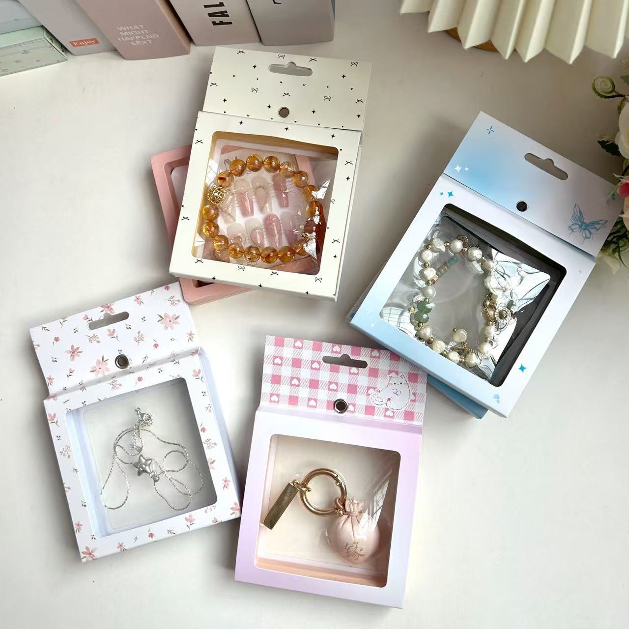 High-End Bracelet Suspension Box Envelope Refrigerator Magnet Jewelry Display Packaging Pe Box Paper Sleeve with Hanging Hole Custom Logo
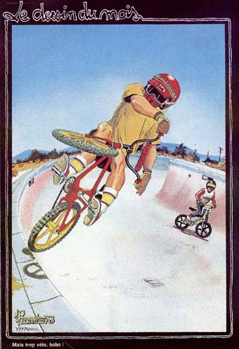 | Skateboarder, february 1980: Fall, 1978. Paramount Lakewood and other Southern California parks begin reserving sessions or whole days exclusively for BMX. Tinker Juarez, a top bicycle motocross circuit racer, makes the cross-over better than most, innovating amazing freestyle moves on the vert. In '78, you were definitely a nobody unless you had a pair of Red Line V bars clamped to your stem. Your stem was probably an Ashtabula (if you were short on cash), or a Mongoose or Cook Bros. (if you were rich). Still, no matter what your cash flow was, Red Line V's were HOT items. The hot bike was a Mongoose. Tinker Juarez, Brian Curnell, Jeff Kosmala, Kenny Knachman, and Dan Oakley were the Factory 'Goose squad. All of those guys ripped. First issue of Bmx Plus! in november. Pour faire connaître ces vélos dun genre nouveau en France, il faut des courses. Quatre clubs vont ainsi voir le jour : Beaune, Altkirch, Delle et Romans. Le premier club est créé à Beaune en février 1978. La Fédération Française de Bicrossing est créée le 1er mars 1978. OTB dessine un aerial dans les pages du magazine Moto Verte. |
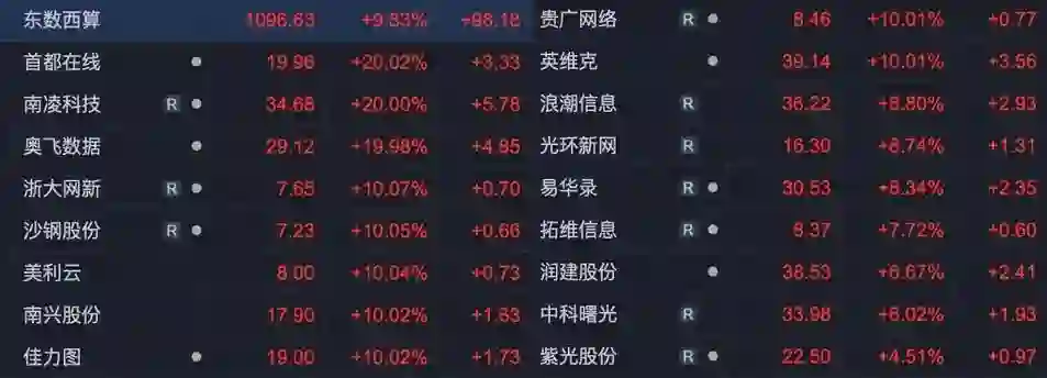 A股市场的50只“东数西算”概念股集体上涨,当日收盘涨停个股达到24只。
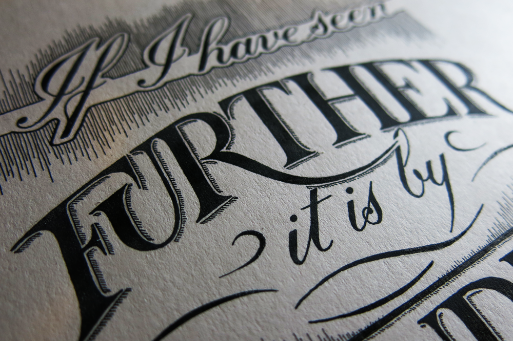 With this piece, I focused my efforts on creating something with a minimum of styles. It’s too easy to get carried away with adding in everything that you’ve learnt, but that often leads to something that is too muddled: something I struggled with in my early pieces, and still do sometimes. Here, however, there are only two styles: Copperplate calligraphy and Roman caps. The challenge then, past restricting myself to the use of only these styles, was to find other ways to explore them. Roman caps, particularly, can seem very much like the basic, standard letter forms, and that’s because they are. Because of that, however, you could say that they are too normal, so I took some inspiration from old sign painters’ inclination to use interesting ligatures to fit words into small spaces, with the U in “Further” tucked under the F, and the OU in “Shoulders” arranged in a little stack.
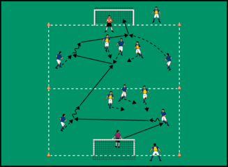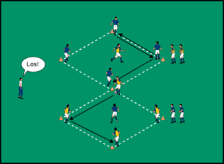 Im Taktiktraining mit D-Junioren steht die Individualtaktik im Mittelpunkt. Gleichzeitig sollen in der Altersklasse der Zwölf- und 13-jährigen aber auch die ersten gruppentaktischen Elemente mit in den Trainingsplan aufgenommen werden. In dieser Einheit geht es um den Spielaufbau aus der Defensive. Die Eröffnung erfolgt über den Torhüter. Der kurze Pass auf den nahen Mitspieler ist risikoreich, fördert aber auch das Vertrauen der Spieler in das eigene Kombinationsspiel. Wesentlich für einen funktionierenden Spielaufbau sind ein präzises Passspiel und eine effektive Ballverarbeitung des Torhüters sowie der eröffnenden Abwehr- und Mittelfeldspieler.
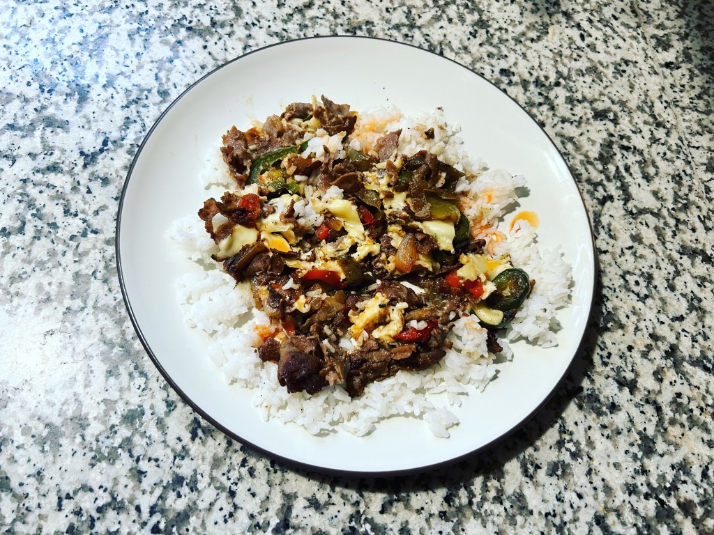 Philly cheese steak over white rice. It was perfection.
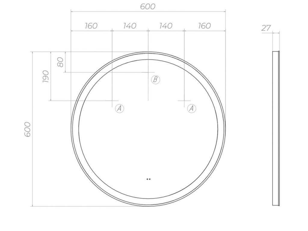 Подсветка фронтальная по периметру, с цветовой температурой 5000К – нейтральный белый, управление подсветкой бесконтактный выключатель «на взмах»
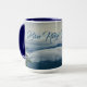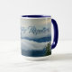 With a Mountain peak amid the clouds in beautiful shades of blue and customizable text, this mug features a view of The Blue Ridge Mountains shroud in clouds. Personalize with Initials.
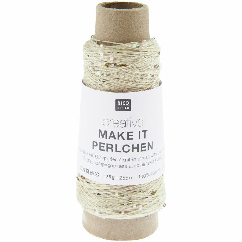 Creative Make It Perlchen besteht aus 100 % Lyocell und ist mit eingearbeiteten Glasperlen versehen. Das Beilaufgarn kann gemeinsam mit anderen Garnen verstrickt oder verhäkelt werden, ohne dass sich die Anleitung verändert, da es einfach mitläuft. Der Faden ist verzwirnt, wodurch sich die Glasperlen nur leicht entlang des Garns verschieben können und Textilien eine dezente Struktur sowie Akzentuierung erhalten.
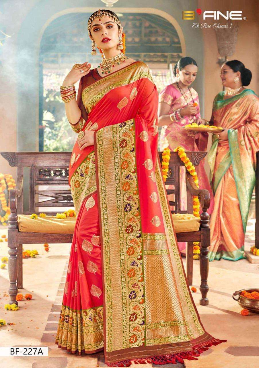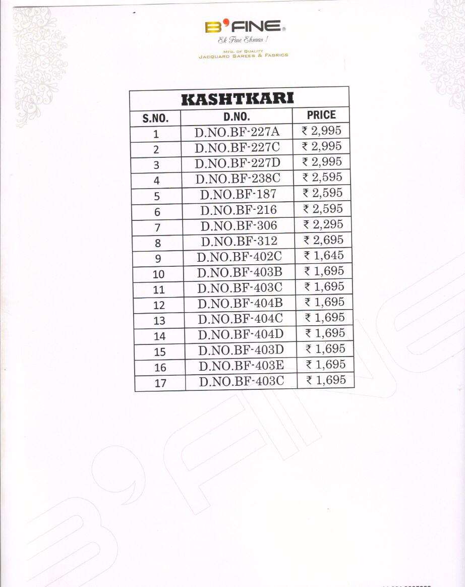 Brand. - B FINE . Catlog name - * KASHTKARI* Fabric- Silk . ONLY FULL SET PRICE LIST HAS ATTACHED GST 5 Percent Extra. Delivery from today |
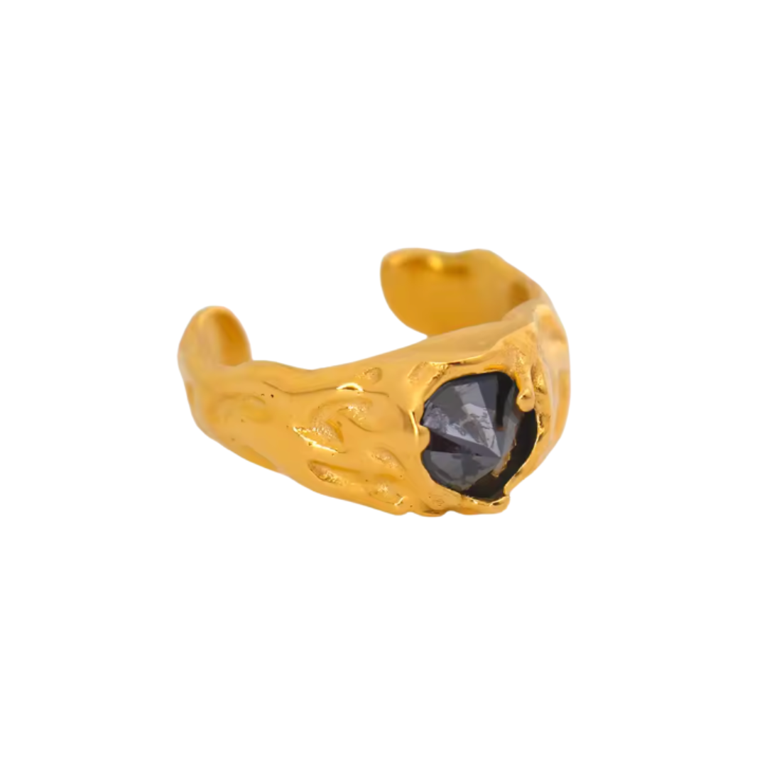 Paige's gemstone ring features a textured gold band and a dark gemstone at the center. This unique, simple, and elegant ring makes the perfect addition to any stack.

YOUR INSTRUCTIONS: Exactly the lines from the line containing "Подсветка фронтальная по" to the end of the records need to be copied, both ends included, with pictures left out.

WRITTEN RESPONSE:
 Подсветка фронтальная по периметру, с цветовой температурой 5000К – нейтральный белый, управление подсветкой бесконтактный выключатель «на взмах»
 With a Mountain peak amid the clouds in beautiful shades of blue and customizable text, this mug features a view of The Blue Ridge Mountains shroud in clouds. Personalize with Initials.
 Creative Make It Perlchen besteht aus 100 % Lyocell und ist mit eingearbeiteten Glasperlen versehen. Das Beilaufgarn kann gemeinsam mit anderen Garnen verstrickt oder verhäkelt werden, ohne dass sich die Anleitung verändert, da es einfach mitläuft. Der Faden ist verzwirnt, wodurch sich die Glasperlen nur leicht entlang des Garns verschieben können und Textilien eine dezente Struktur sowie Akzentuierung erhalten.
 Brand. - B FINE . Catlog name - * KASHTKARI* Fabric- Silk . ONLY FULL SET PRICE LIST HAS ATTACHED GST 5 Percent Extra. Delivery from today |
 Paige's gemstone ring features a textured gold band and a dark gemstone at the center. This unique, simple, and elegant ring makes the perfect addition to any stack.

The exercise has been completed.